By Tom Freeman
Two bond market memes are currently permeating financial-market discussions: First, that U.S. interest rates are at historically low levels; and second, that bear markets in bonds are always fast and severe. The first is only partially true; the second is pure fantasy, in our view. The U.S. experienced two major bear bond markets in the 20th century, both of which lasted for multiple decades and were characterized by interest rates gradually rising from very low levels.
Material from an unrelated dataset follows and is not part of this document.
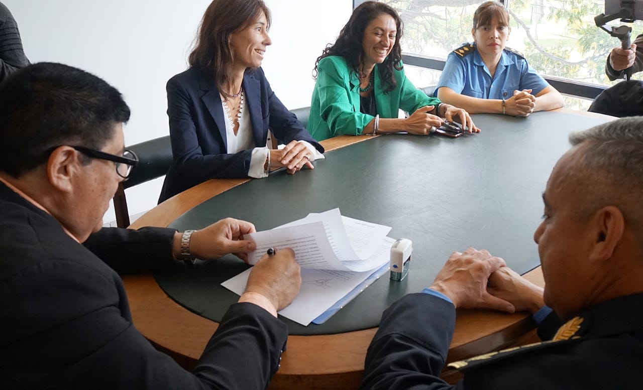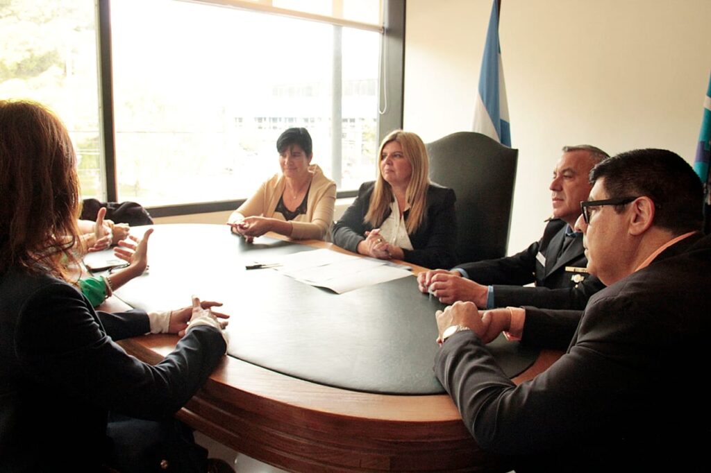 En representación del Ejecutivo provincial, el subsecretario de Seguridad, Claudio Fernández -junto al subjefe de la Policía del Chubut, Mauricio Zabala- mantuvo una reunión con la presidenta del Superior Tribunal de Justicia del Chubut, Camila Banfi, durante la cual se rubricó el citado convenio para fomentar el conocimiento y respeto de los derechos de las mujeres en el marco del artículo 8 de la Convención “Belén Do Para” (realizada en Brasil en junio de 1994) ‘haciéndolo extensivo al colectivo de la diversidad con el objetivo de modificar patrones socioculturales que operen en contra de la igualdad’, según se incorporó en el documento oficial.

These eras are instructive for investors who, like us, expect to face a similar period in the coming years. The lesson for building a portfolio in such an environment comes down to one word: balance. First, though, a historical perspective: The first major bear market in U.S. bonds lasted from 1899 to 1920; the second from 1951 to 1981.
Although there are important differences between the 1951-1981 period and the current state of the bond market, some of the similarities are uncanny. Rates rose gradually during the first 20 years of this era before spiking higher in the 1970s as inflation accelerated. Currently, we anticipate gradually rising rates and modest inflation for the foreseeable future but recognize there are possible risks to this forecast. The Federal Reserve also expanded its securities holdings by 1,100 percent in the decade leading up to 1951, a number that significantly trumps the 315 percent increase over the last decade on a percentage basis.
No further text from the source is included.